Many of Iowa’s private campuses today maintain DEI offices, employees, programming, action plans and statements — including Coe College, Mount Mercy University, Cornell College, Drake University and Grinnell College, among others.
“Specific areas of focus include racial/ethnic diversity, religious and spiritual life, LGBTQIA+ inclusion and internationalism,” according to Coe’s Office of Diversity, Equity and Inclusion. “Anyone is welcome to participate in DEI activities at Coe, and students from underrepresented and marginalized groups are particularly encouraged to participate.”
‘Concerns about bias’
Republican lawmakers also advanced a bill requiring students to take an American history and civil government course to graduate; another spelling out general education requirements, including American and Western heritage curriculum; and one creating a school of intellectual freedom at the University of Iowa.
“This bill is an overreach of legislative power, and there's no logical justification for being this specific in the course material,” Rep.
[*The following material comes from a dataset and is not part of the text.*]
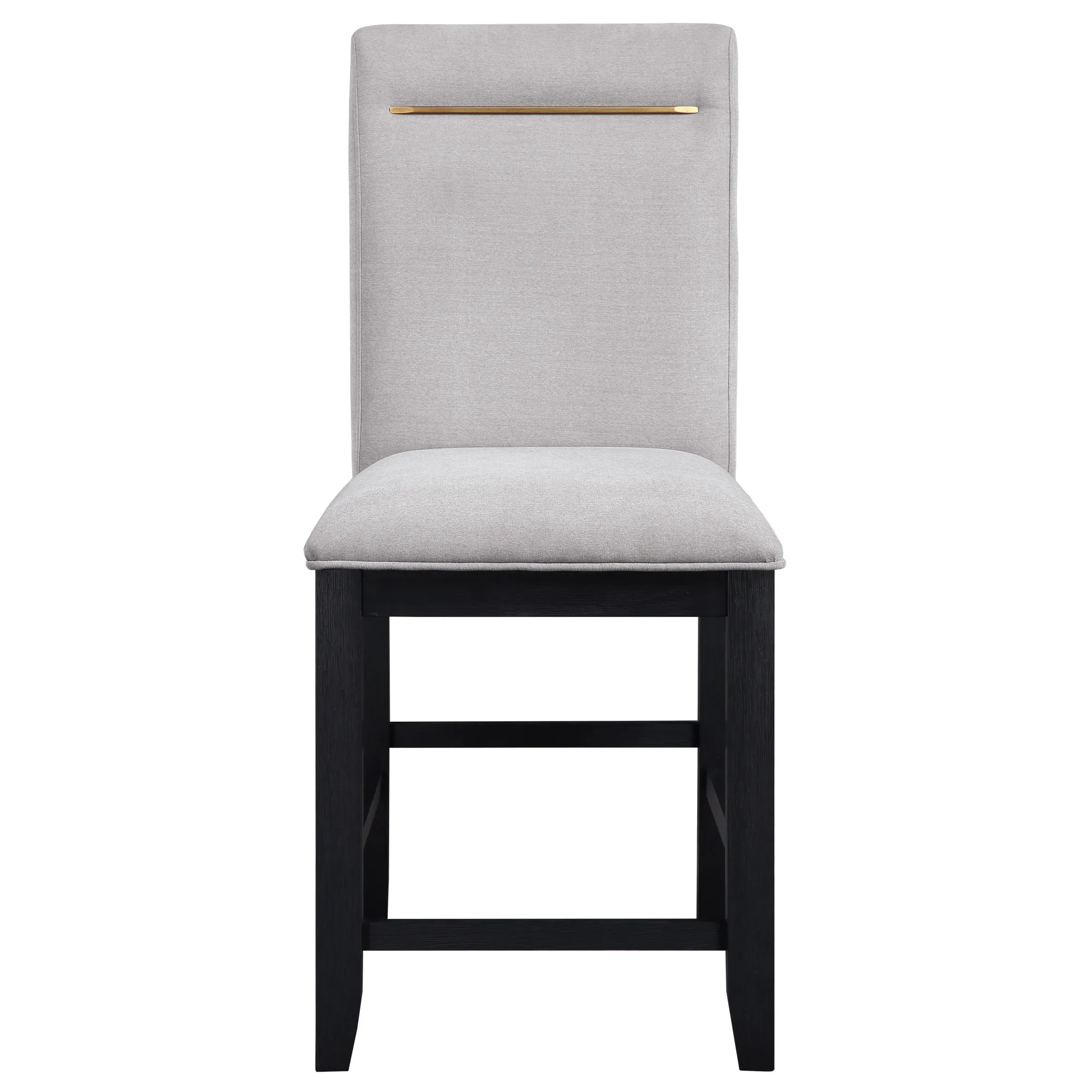 This dining set combines style and storage in one beautiful package. Crafted of ash veneers and hardwood solids in a lustrous black finish, the Counter Storage Base offers both display and storage with the clean modern lines you will appreciate. Brushed brass accents offer a great complement to the black finish and are featured on hardware and on the back of the performance fabric chairs. The Counter Height table, chairs and bench are a wonderful height for sitting and working and the seating can also be used on 36-inch height counters. Yves shows you do not have to sacrifice function for style in this Counter Height Dining ensemble!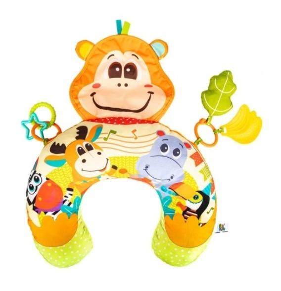 Kolorowa podusia zapewni wsparcie maluszkowi leżącemu na brzuchu i zabawi go wesołymi obrazkami zwierzaczków! Poduszka wykonana została z materiałów różniących się kolorem, nadrukiem, a także fakturą, co pozwoli rozwijać zdolności poznawcze dziecka. Doszyta małpia głowa zabawnie szeleści przy dotykaniu, a przymocowane do poduszki zabawki zapewnią małym rączkom dodatkowe zajęcie. Na jednym z odczepianych kółeczek znajdziemy twarde kształty, a na drugim piszczałkę w kształcie listka i miękki gryzak w kształcie kiści bananów.

Monica Kurth, D-Davenport, said in opposing the bill requiring American history and civil government to graduate.
“The prescribed course material is taken from model legislation proposed by Civics Alliance and the National Association of Scholars — two undeniably conservative groups,” she said.
Countering Kurth was Rep. Skyler Wheeler, R-Hull, who noted the bill calls for education on historic texts like the Declaration of Independence or the Articles of Confederation.
“I don't know how there is a political ideology being pushed when we're teaching kids to read letters from Birmingham jail or the Gettysburg Address or the Emancipation Proclamation or the Federalist Papers,” he said. “If that's a political ideology, your guy's political party has to do a lot of reflecting.”
On the bill that would create a new school of intellectual freedom, lawmakers sparred over the juxtaposition of wanting more ideological diversity but less DEI programming.
“'I’m surprised that my colleagues on the left don't want this, because this actually has a diversion appeal for our universities — it actually has a process that would allow for difference of opinion at our universities,” Rep. John Wills, R-Spirit Lake, said. “Representative Kurth, you even made the point this morning when you said that when you have multiple viewpoints, our universities can thrive. This offers multiple viewpoints.”
Rep. Jennifer Konfrst, D-Windsor Heights, said a school focused on intellectual freedom and intellectual diversity “sounds great.”
“But I would say that if there is perceived bias and concerns about bias, the way to address that is not to introduce additional bias.”
Tom Barton and Erin Murphy of The Gazette Des Moines Bureau contributed to this report. Vanessa Miller covers higher education for The Gazette.